Short and spectacular lives
Most of the octopus behaviours we see in the documentary we know of – the bipedal walking, the use of shells and algae to hide itself, the amazing camouflage and changes of texture, pattern and colour – but to see one individual of one species doing it all in My Octopus Teacher, and to have it all explained in common language, is very cool.
Foster – who is not a biologist – does confuse evolution with individual learning.
When he talks about how octopus behaviour and physiology has changed over millions of years and how natural selection has focused the octopus to do all these different things, he is talking about evolution but confuses it with behaviour changes through individual learning over a single lifetime.
Connection: Brown says extraordinary experiences with wild animals gives people a greater appreciation for life. Image credit: Netflix.
Octopuses are renowned for their flexibility and ability to learn new things, and that is because they only live for a year (and the vast majority of them don’t make it that far). They haven’t got much time, and they need to be super switched on to live the way they do – continually curious and exploring an environment shared with predators.
Every octopus is unique, they all learn and do different things and that all depends on their own singular experiences.
A classic one is how to escape from predators: do you wrap yourself up in algae, or do you use stones, or do you hide. Or how best to capture various prey items like lobster – all those sorts of thing are going to be individually learned.
A reconnection with people and nature
Experience with wild animals can change a person’s relationships with other people, as happens with Foster. If you have an overwhelming experience like that, your general capacity for empathy just increases. You have a greater appreciation for life. It opens up a part of you that, if it wasn’t already opened, certainly will be now, making you more in tune with other people, animals in general, how the world works and how everything is connected. You start to see things from other people’s – and animals’ – perspectives.
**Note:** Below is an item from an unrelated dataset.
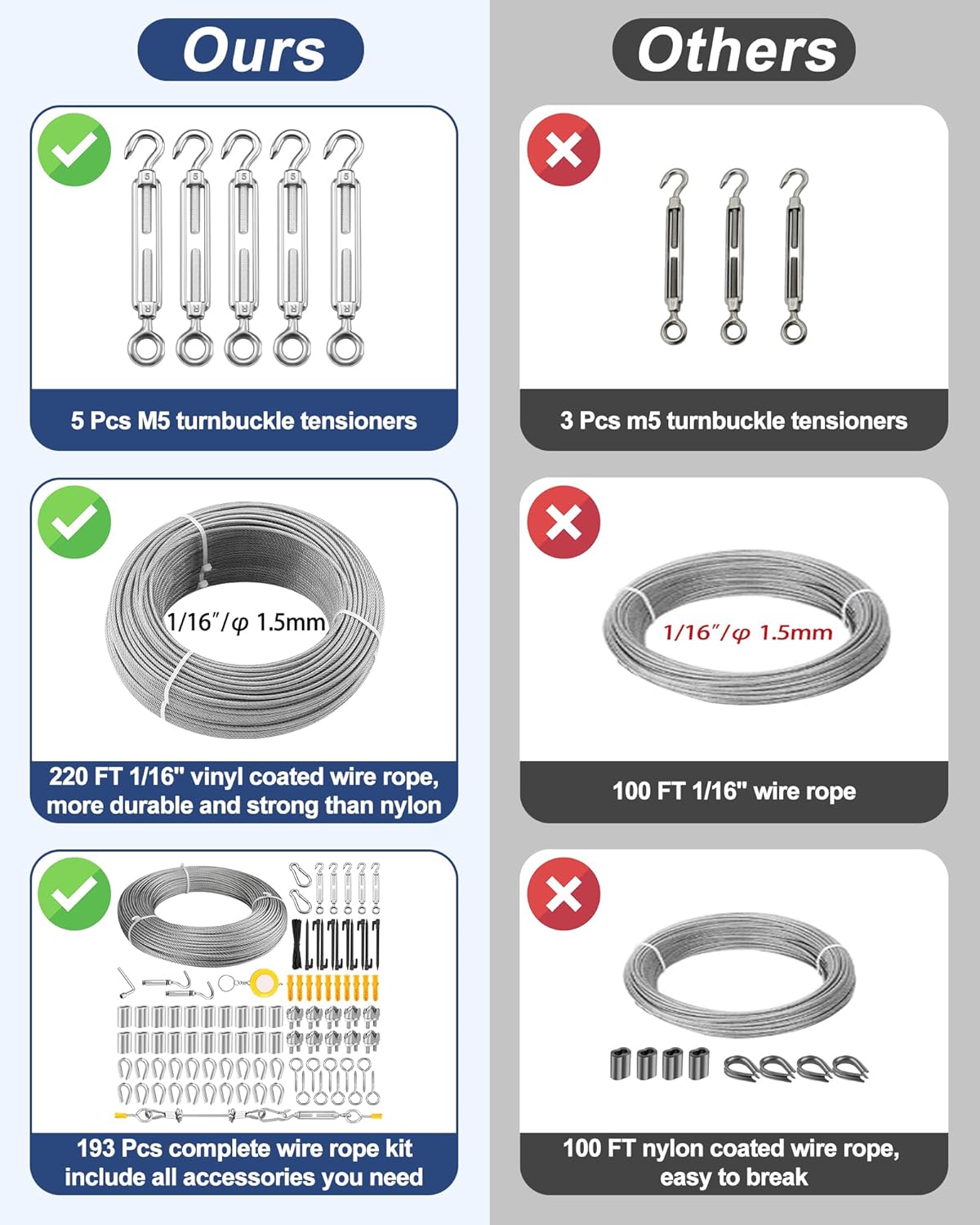 - [192 Pcs Steel Wire Cable Kit] Comkrivy steel cable kit offers more accessories than any other product. It comes with 220 FT 1/16 inch vinyl coated stainless steel cable wire, 20 M3 thimble, 20 M3 aluminum sleeve, 10 M3 wire rope cable clip clamp, 5 M5 turnbuckle tensioners, 2 M5 clips, 10 M5 sheep eye screw hook, 10 M5 plastic anchors, 2 M6 expansion hooks, 10 black tent pegs, 1 socket wrenches, 1 tape measure and 100 black twist ties to meet your different hanging and decoration needs

The bigger, increasingly important point of this documentary – and it is one that Attenborough makes as well – is that we have become dangerously disconnected from nature. As humans we overrun everything, and live in this artificial, built-up, man-made world. It is a significant problem, because if we don’t appreciate nature, we are not going to care, and if we don’t care there is no urgency for conservation and we risk losing it all.
If a documentary like this can encourage people to reconnect and start to appreciate nature, that would be a really important step. There is no Planet B, and we are knowingly destroying Planet A. And like it or not, we are intertwined with nature and if we get rid of it, we are doomed as a species. We need to find ways to work with nature rather than fighting against it.
Culum Brown , pictured, is a Professor in the Department of Biological Sciences at Macquarie University.